Reprinted from Current Notes, Vol. 12, No. 1, January/February 1992
 
 
(More) Tetris, Anyone?
----------------------
 
by Steve Hoffee
 
     Okay, for you fanatics who didn't get enough 8-bit Tetris in the 
July CN, we'll have to go at it one last time.  Since this Russian-born 
game hit American shores a few years ago, it has become a craze 
everywhere.  It seems everybody has jumped on the bandwagon, from 
(pardon my language) Nintendo, Apple, Commodore, IBM, and Tandy, to our 
superior 8-bit Ataris (no prejudice here!).

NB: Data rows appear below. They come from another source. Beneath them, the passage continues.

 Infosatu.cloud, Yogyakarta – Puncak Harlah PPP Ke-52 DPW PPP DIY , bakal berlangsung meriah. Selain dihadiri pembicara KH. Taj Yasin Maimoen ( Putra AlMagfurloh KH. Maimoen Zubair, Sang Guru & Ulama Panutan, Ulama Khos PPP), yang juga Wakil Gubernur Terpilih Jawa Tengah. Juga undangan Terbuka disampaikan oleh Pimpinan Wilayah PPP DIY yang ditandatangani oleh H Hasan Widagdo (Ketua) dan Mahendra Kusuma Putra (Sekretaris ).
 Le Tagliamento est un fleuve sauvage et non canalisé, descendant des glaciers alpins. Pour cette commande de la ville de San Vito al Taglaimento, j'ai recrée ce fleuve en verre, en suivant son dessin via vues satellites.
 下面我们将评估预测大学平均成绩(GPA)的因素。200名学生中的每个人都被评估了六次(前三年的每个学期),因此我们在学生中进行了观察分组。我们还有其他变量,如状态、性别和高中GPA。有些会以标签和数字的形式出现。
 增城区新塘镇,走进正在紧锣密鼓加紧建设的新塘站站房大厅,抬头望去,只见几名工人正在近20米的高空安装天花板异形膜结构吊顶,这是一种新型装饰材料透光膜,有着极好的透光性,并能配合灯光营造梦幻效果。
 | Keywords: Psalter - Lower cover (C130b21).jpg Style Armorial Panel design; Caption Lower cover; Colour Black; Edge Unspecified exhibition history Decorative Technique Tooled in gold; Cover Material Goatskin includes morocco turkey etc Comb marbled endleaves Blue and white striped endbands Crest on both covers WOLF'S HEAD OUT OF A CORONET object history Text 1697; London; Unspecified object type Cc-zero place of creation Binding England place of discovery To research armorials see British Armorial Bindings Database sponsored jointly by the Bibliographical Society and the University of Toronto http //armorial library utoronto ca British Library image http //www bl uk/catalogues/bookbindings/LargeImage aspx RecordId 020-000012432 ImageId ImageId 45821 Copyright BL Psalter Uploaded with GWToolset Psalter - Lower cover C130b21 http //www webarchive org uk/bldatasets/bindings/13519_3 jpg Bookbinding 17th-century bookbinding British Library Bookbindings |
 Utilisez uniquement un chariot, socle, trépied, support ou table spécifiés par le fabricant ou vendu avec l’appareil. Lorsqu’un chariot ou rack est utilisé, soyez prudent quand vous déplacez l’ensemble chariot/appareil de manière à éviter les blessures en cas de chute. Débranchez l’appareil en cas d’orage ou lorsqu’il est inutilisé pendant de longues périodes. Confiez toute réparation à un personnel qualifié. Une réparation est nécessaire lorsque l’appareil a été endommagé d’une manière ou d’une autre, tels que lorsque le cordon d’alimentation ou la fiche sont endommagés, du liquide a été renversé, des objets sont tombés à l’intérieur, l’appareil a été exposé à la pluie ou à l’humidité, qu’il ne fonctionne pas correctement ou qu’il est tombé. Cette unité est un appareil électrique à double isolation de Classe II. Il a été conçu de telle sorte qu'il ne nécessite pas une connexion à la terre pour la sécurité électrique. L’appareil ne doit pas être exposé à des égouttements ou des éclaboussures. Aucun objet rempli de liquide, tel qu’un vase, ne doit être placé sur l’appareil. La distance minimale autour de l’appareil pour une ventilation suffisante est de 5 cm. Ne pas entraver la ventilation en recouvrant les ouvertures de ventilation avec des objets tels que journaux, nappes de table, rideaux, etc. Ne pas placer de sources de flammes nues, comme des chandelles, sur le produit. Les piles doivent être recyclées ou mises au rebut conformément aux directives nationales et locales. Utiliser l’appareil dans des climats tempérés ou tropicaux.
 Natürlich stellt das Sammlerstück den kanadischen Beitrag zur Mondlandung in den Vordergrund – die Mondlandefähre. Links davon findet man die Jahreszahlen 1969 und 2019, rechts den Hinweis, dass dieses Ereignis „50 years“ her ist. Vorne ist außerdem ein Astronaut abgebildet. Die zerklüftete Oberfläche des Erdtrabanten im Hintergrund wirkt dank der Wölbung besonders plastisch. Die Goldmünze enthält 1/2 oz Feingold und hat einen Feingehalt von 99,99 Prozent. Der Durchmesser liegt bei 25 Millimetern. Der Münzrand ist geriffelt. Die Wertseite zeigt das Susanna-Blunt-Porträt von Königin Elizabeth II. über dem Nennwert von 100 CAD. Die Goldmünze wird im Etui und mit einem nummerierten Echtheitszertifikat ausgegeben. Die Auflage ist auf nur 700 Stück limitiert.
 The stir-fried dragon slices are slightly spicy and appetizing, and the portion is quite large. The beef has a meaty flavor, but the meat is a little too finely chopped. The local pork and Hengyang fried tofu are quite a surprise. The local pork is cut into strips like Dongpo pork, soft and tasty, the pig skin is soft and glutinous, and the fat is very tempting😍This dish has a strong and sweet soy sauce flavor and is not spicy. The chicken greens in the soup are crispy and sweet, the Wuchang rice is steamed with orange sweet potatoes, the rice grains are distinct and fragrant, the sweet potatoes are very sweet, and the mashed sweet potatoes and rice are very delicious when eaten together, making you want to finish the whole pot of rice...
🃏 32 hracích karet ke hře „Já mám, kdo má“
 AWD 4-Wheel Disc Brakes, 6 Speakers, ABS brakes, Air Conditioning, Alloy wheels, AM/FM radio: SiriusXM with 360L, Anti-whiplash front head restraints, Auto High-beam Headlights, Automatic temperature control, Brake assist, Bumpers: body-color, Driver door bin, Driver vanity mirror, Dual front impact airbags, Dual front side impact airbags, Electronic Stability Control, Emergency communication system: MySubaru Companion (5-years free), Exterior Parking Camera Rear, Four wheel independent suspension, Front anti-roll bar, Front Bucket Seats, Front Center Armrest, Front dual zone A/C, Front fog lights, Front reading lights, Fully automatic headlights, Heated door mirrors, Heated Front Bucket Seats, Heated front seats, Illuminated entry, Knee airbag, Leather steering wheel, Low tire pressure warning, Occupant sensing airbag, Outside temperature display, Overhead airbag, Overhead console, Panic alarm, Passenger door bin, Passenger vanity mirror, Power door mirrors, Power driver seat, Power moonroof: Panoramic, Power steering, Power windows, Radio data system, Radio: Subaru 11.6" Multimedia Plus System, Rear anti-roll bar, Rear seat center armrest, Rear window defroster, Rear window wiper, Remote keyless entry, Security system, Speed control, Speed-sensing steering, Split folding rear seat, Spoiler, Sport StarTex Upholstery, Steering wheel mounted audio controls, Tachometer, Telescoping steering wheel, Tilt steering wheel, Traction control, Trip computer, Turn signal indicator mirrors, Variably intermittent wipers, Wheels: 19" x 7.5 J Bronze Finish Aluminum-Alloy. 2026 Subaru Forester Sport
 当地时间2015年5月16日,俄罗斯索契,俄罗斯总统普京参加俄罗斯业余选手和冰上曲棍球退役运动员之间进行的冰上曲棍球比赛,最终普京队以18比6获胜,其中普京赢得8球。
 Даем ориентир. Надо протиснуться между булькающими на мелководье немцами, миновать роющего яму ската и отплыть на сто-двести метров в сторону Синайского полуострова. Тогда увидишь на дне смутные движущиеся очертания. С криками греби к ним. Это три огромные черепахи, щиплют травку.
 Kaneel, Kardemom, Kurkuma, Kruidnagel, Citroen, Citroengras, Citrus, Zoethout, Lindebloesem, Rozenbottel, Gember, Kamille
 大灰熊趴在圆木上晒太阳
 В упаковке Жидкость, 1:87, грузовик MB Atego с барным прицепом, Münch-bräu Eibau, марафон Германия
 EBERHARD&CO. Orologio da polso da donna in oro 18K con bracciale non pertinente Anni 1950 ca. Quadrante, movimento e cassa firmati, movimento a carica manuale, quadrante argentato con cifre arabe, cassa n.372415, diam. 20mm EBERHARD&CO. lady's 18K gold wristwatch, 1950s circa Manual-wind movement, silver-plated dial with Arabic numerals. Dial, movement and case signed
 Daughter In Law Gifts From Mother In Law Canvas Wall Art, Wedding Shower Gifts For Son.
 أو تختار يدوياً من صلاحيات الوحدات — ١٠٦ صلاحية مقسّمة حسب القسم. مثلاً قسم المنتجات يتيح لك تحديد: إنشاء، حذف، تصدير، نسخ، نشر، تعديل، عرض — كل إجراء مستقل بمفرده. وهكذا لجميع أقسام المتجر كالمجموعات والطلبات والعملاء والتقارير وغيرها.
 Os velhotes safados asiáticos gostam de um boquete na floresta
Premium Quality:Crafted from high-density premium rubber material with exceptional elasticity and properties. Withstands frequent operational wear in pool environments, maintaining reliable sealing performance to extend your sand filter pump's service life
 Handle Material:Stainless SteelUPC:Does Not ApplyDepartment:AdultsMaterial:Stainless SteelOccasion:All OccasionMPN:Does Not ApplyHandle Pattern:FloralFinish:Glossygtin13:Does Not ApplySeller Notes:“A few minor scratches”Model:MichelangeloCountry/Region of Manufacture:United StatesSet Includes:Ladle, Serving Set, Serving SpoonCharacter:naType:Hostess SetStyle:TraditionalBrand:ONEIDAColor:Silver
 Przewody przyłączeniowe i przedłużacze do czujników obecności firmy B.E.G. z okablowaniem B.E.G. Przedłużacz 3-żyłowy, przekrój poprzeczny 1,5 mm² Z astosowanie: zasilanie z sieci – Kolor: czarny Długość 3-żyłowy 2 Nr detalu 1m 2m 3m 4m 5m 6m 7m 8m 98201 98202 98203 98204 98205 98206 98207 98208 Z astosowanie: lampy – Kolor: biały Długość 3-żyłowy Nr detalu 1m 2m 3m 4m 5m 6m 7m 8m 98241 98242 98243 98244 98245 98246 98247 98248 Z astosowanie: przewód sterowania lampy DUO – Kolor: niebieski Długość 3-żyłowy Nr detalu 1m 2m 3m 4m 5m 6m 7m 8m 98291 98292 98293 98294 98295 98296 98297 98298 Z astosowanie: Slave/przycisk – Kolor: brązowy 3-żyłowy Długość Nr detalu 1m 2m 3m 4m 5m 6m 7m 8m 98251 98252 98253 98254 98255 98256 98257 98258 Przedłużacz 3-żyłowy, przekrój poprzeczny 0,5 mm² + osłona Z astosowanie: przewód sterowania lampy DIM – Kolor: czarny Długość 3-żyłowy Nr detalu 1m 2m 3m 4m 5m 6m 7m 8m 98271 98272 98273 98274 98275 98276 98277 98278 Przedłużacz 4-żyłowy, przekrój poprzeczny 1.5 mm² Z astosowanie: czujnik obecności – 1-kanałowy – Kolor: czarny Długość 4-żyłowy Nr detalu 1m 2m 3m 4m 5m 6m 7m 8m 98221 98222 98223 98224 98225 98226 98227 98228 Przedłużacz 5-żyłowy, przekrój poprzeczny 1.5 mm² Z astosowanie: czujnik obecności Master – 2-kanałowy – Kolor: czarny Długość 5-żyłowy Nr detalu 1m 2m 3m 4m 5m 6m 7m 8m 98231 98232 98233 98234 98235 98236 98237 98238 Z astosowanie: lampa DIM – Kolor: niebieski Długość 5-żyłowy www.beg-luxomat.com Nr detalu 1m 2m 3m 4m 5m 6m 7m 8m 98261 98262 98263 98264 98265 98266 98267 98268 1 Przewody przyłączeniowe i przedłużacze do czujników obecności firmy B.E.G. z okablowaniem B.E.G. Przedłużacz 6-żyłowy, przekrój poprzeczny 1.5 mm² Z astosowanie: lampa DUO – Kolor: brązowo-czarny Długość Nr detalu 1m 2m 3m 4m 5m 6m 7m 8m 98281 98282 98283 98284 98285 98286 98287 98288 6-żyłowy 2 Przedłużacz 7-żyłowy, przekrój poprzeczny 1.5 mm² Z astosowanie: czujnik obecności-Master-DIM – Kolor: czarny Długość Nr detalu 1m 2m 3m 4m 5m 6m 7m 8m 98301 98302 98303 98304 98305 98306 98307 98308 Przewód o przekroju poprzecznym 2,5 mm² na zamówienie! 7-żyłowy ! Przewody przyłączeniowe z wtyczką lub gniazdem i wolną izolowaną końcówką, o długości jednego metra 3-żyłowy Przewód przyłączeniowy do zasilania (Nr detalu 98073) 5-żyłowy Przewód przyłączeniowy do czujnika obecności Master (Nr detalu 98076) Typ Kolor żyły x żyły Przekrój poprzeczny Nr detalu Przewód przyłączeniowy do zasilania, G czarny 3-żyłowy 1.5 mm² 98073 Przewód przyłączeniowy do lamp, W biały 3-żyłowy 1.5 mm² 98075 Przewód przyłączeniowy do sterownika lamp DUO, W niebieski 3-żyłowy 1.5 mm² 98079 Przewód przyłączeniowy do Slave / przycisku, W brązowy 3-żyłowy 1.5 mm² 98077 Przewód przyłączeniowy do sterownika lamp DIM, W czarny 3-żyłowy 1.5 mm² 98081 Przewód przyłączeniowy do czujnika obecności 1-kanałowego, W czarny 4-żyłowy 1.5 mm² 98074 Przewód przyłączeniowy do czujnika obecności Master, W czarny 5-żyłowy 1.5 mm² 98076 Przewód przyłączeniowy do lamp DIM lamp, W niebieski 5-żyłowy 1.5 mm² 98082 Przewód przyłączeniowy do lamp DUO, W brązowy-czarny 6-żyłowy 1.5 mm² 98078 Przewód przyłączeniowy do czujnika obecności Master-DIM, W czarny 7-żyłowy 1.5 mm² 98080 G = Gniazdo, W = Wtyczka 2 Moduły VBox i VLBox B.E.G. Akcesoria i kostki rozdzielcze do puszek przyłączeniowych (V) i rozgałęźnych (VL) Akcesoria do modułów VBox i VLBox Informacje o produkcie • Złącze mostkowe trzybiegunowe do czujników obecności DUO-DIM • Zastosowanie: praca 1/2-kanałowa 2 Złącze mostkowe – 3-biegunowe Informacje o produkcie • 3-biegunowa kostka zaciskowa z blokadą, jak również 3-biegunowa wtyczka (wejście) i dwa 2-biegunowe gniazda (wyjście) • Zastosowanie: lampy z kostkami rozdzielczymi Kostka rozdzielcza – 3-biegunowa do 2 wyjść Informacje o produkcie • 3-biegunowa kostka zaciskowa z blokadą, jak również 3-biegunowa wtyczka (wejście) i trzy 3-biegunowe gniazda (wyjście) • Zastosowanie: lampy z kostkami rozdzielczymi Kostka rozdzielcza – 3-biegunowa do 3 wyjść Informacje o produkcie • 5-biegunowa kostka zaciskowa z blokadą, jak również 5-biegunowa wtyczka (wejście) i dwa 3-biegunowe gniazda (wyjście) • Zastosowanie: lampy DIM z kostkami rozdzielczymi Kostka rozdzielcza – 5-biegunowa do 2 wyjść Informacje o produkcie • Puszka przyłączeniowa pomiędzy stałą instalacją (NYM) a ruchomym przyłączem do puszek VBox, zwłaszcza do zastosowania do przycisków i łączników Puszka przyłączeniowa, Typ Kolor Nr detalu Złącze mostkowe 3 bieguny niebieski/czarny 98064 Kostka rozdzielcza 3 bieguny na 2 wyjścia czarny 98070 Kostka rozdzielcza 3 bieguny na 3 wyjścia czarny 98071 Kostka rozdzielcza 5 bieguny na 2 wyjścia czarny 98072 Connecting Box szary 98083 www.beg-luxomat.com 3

     Of course, the object of Tetris is to manipulate differently shaped 
objects to form a solid line at the bottom of the playing area, thus 
clearing that line from the screen.  After a certain number of lines are 
completed and cleared, you can move on to the next level of play.  There 
are many versions of Tetris available, but this review deals with just 
two of them: Fortress and Atartris.  I used a 130XE and a 1050 drive, 
but these programs should work fine with any ATARI 48K computer and disk 
drive.
 
Fortress Ver. 2.0
     Written by one Zark Wizard, Fortress, upon loading, presents you 
with a very good title screen almost assuring you of more good graphics 
to come.  By pressing START you go to the Options Menu which gives you 
the choise of: 1) Play, 2) Choose Music, or 3) Game Options.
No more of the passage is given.